When transplanting the seedlings work quickly but carefully and ensure you water them in well once they are all planted in their new home. Also, always plant tomato seedlings deeper than they were in their old pot or tray. Tomato seedlings actually grow better when planted deep and will grow roots from any section of the stem which is buried in the compost.
Tomato seedlings are easily damaged if handled incorrectly. This is a problem for someone like me. I don’t exactly have a delicate touch! The stems of tomato seedlings are easily crushed when pricked out between finger and thumb.
When transplanting the seedlings from their tray to the new pot, it is important to handle them by their leaves. I like to use a pencil when transplanting tomato seedlings. I hold the seedlings by their leaves and use the end of a pencil to ease it out of the compost.

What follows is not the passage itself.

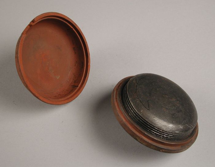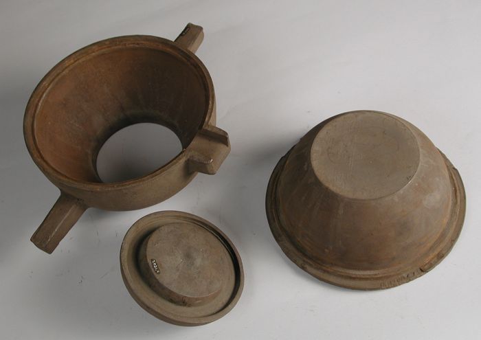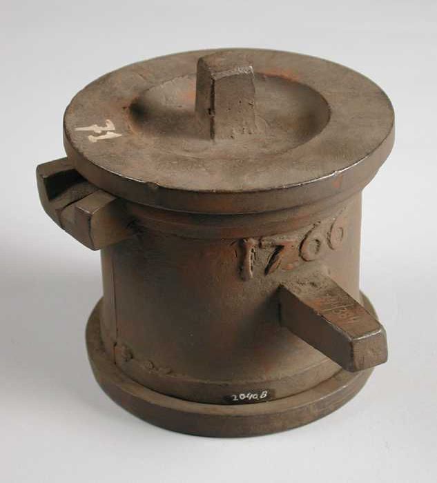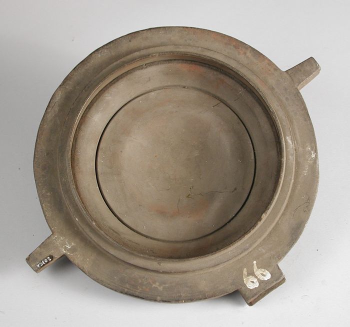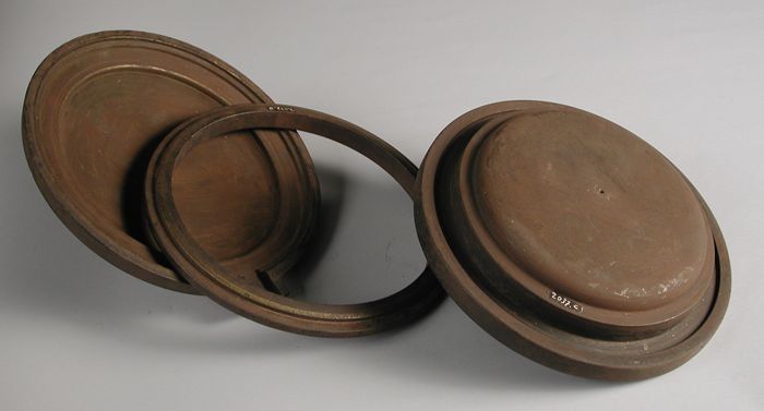 Driedelige bronzen mal voor deksel van kamerpot

A crushed stem almost always proves fatal to a tomato seedling.
Poor Quality Potting Soil
When seedlings are developing they require access to nutrients in the right blend. Poor quality potting soil, or worse, garden soil, won’t have enough nutrients to support the seedlings’ development. This lack of nutrients will lead to pale, spindle tomato seedlings that will fail to reach their full potential.
Always use fresh, specialist seed compost as it will have been developed to deliver just enough nutrients to the seedlings so they develop properly.